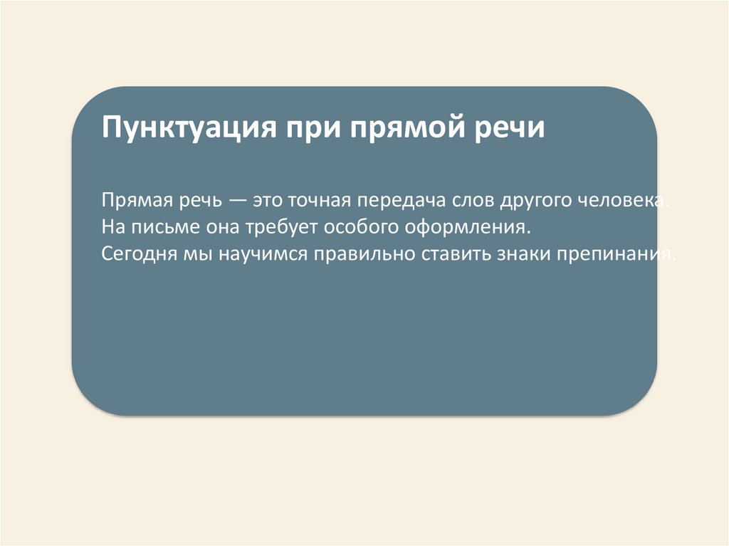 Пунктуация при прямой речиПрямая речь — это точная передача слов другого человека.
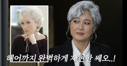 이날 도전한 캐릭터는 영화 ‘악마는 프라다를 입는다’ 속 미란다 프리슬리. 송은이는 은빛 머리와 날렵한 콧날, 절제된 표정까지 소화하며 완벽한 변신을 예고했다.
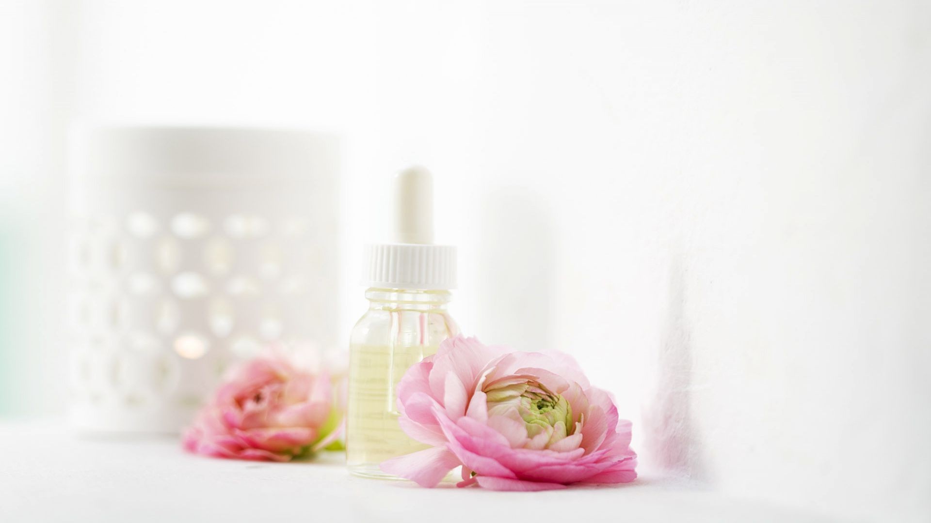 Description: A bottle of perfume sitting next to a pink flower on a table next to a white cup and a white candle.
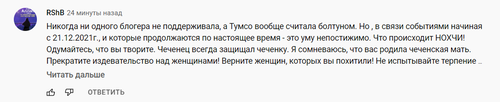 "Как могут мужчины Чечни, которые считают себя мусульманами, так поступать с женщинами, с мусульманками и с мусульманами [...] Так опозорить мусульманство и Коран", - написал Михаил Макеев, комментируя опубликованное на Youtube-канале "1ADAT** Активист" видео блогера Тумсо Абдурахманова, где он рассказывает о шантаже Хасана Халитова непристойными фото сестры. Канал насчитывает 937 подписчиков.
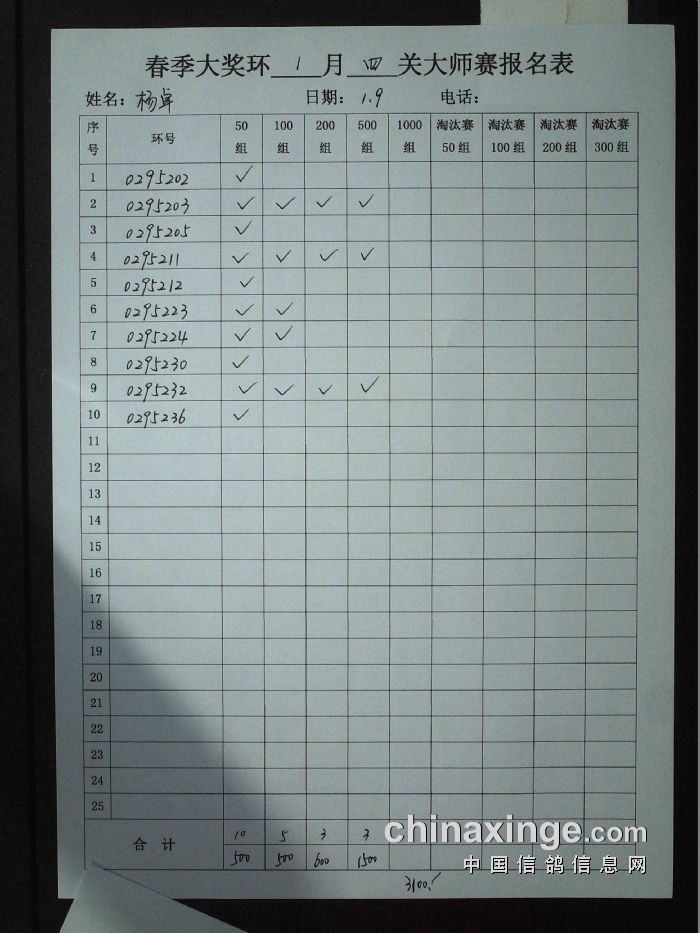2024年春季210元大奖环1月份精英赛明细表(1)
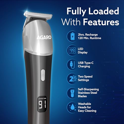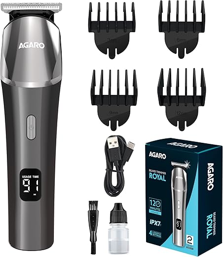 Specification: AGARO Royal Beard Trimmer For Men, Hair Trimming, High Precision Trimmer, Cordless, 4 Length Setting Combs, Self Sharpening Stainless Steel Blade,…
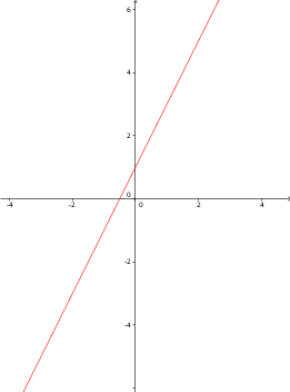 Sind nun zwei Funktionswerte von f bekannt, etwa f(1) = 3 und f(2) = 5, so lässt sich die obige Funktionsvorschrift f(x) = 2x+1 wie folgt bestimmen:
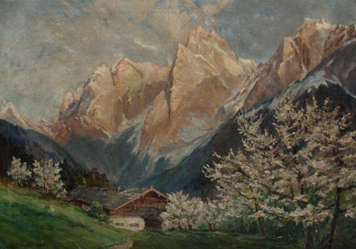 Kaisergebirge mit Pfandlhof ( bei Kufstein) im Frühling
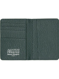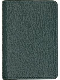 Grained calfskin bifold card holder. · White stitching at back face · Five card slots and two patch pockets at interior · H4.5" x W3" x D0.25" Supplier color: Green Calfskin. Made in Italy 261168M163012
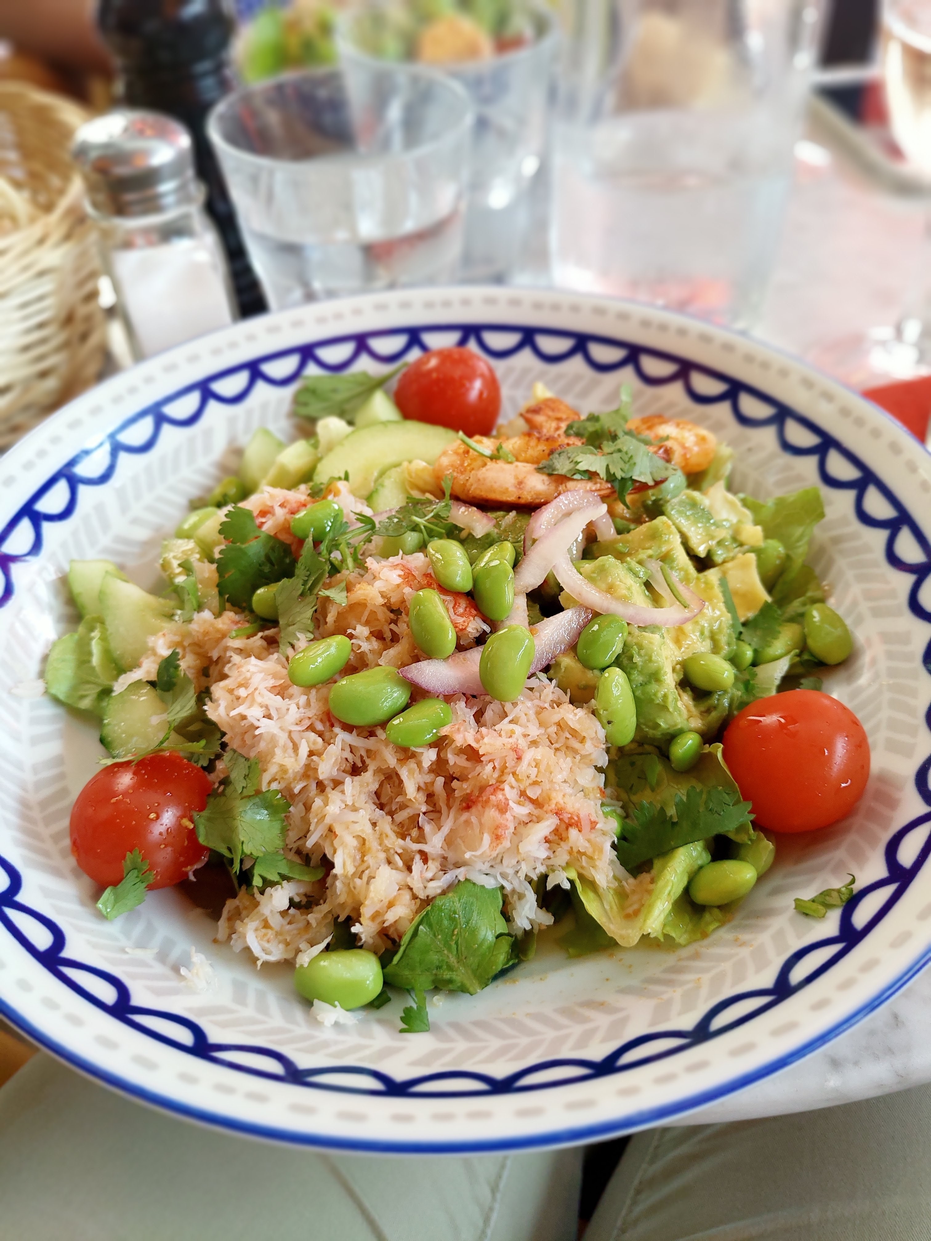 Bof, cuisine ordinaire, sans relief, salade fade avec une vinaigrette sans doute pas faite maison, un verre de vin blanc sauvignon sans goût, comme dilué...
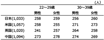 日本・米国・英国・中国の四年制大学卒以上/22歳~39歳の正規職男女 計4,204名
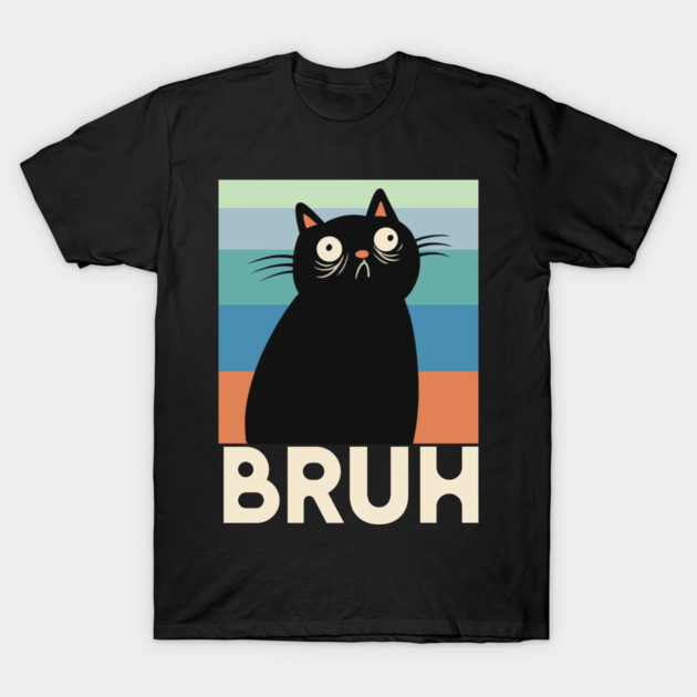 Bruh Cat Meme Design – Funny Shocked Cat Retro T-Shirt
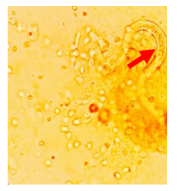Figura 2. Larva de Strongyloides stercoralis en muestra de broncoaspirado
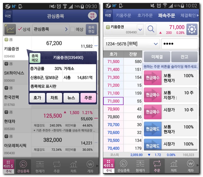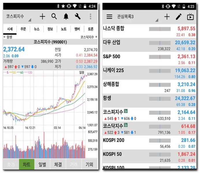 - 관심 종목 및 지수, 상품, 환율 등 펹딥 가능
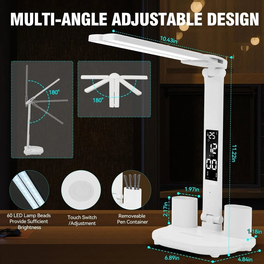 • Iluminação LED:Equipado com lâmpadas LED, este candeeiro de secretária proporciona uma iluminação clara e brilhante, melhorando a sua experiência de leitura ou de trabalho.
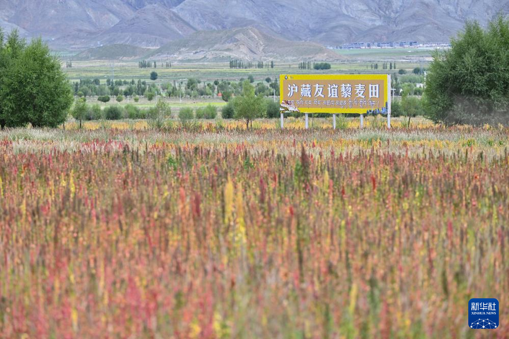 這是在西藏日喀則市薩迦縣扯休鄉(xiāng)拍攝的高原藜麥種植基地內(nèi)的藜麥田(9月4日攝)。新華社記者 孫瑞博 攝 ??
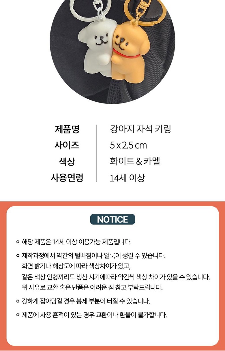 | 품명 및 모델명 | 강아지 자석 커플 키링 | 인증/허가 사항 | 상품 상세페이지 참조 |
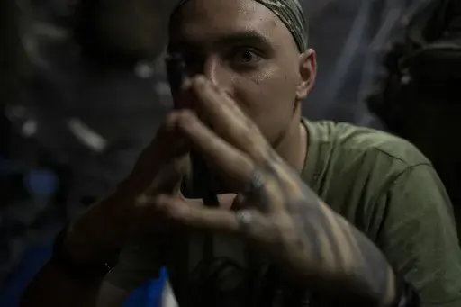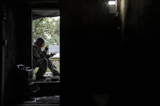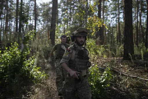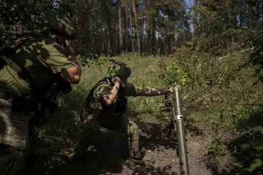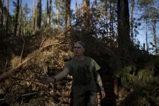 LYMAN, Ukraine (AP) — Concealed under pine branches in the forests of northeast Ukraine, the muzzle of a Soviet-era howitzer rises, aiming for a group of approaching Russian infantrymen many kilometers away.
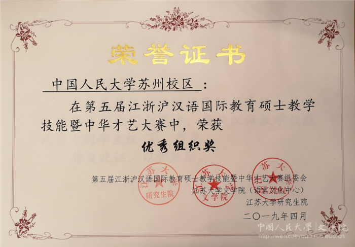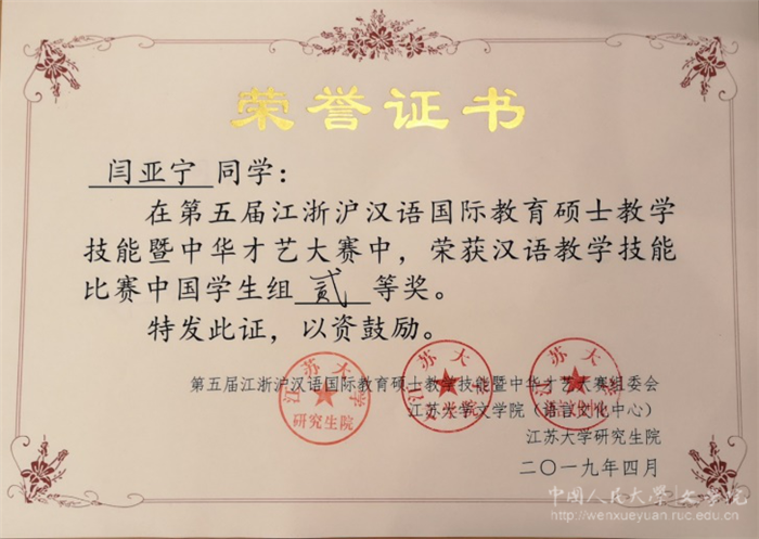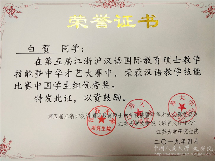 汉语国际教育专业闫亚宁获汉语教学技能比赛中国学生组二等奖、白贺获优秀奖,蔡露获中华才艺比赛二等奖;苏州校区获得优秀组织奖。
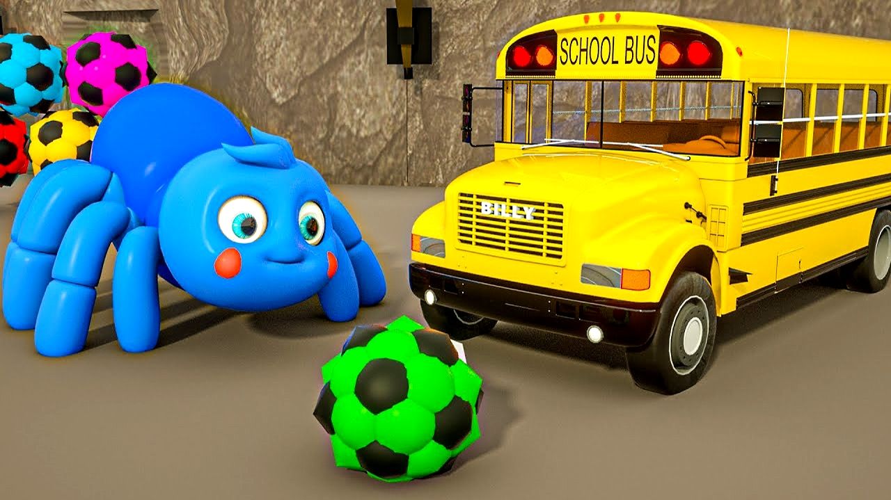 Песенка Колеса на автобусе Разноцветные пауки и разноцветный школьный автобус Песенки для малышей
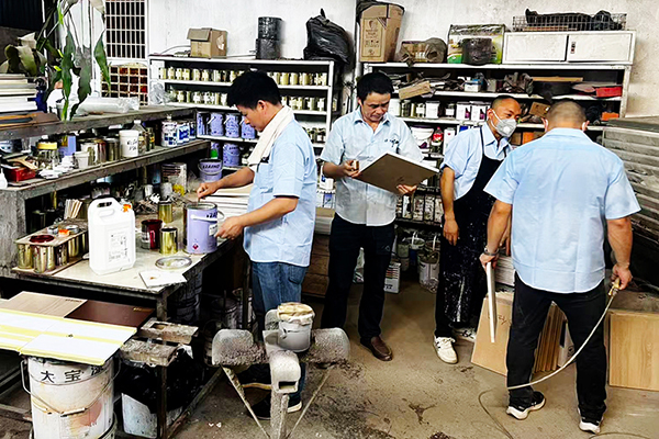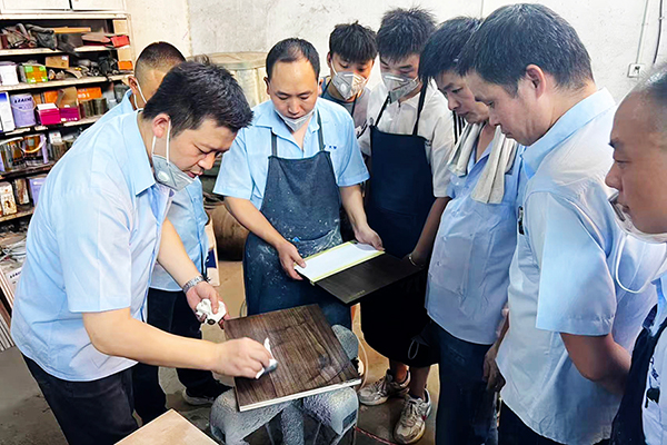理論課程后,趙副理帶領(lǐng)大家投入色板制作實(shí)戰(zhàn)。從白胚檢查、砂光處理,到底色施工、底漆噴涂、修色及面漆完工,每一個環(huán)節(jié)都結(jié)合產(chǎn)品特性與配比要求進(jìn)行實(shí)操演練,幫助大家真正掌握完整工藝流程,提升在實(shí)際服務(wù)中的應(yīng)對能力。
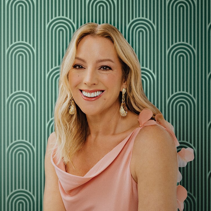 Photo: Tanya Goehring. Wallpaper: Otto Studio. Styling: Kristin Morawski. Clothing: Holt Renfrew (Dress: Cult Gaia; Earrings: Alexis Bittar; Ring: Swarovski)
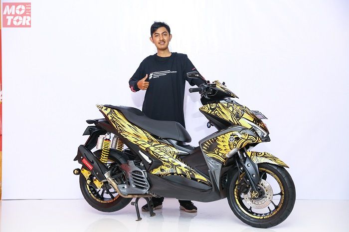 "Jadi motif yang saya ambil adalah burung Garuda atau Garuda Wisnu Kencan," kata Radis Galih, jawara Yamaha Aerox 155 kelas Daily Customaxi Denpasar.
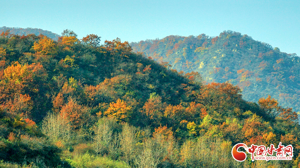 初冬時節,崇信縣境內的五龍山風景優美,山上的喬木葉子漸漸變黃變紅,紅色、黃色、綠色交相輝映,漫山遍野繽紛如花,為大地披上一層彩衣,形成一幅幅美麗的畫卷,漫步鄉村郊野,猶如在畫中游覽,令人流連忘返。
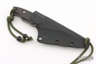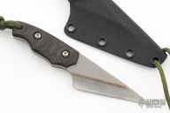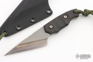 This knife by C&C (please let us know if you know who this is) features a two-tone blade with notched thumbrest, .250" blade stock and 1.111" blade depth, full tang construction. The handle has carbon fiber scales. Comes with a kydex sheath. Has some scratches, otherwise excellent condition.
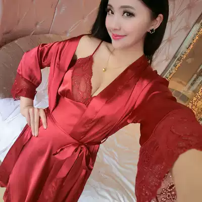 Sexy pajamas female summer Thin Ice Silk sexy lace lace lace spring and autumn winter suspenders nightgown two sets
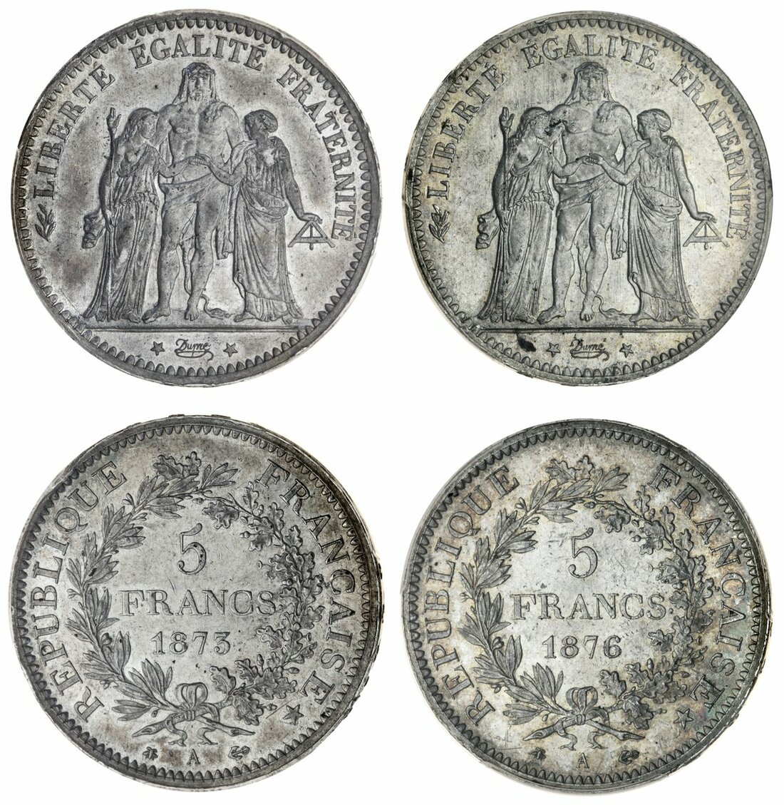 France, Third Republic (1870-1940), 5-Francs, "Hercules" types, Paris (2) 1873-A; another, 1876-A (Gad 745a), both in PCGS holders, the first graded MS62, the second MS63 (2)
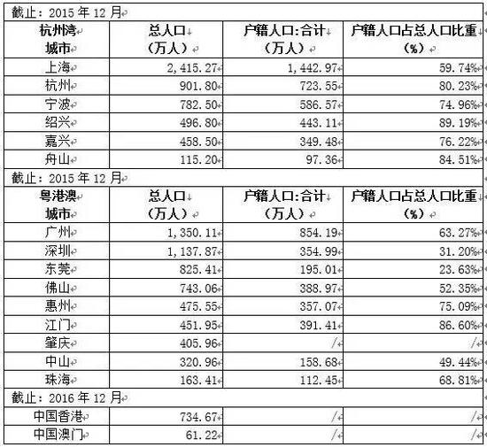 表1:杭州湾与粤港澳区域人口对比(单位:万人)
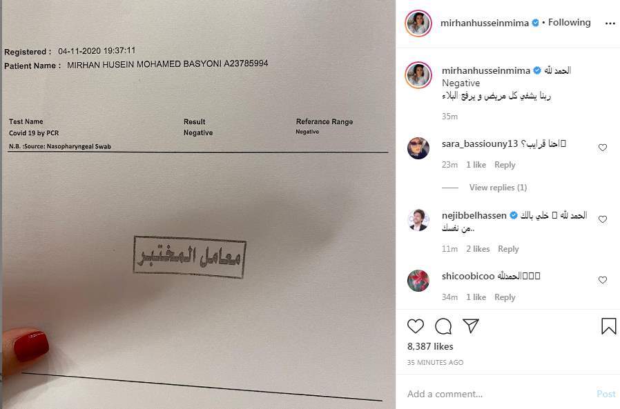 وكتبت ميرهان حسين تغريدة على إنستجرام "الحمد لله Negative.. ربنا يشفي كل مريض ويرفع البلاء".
################
→ **Problem to solve**
Restate, word for word, each line from the line containing "理論課程后,趙副理帶領(lǐ" through the end of the entries above; the pictures are not part of the copy.

→ **Answer area**
理論課程后,趙副理帶領(lǐng)大家投入色板制作實(shí)戰(zhàn)。從白胚檢查、砂光處理,到底色施工、底漆噴涂、修色及面漆完工,每一個環(huán)節(jié)都結(jié)合產(chǎn)品特性與配比要求進(jìn)行實(shí)操演練,幫助大家真正掌握完整工藝流程,提升在實(shí)際服務(wù)中的應(yīng)對能力。
 Photo: Tanya Goehring. Wallpaper: Otto Studio. Styling: Kristin Morawski. Clothing: Holt Renfrew (Dress: Cult Gaia; Earrings: Alexis Bittar; Ring: Swarovski)
 "Jadi motif yang saya ambil adalah burung Garuda atau Garuda Wisnu Kencan," kata Radis Galih, jawara Yamaha Aerox 155 kelas Daily Customaxi Denpasar.
 初冬時節,崇信縣境內的五龍山風景優美,山上的喬木葉子漸漸變黃變紅,紅色、黃色、綠色交相輝映,漫山遍野繽紛如花,為大地披上一層彩衣,形成一幅幅美麗的畫卷,漫步鄉村郊野,猶如在畫中游覽,令人流連忘返。
 This knife by C&C (please let us know if you know who this is) features a two-tone blade with notched thumbrest, .250" blade stock and 1.111" blade depth, full tang construction. The handle has carbon fiber scales. Comes with a kydex sheath. Has some scratches, otherwise excellent condition.
 Sexy pajamas female summer Thin Ice Silk sexy lace lace lace spring and autumn winter suspenders nightgown two sets
 France, Third Republic (1870-1940), 5-Francs, "Hercules" types, Paris (2) 1873-A; another, 1876-A (Gad 745a), both in PCGS holders, the first graded MS62, the second MS63 (2)
 表1:杭州湾与粤港澳区域人口对比(单位:万人)
 وكتبت ميرهان حسين تغريدة على إنستجرام "الحمد لله Negative.. ربنا يشفي كل مريض ويرفع البلاء".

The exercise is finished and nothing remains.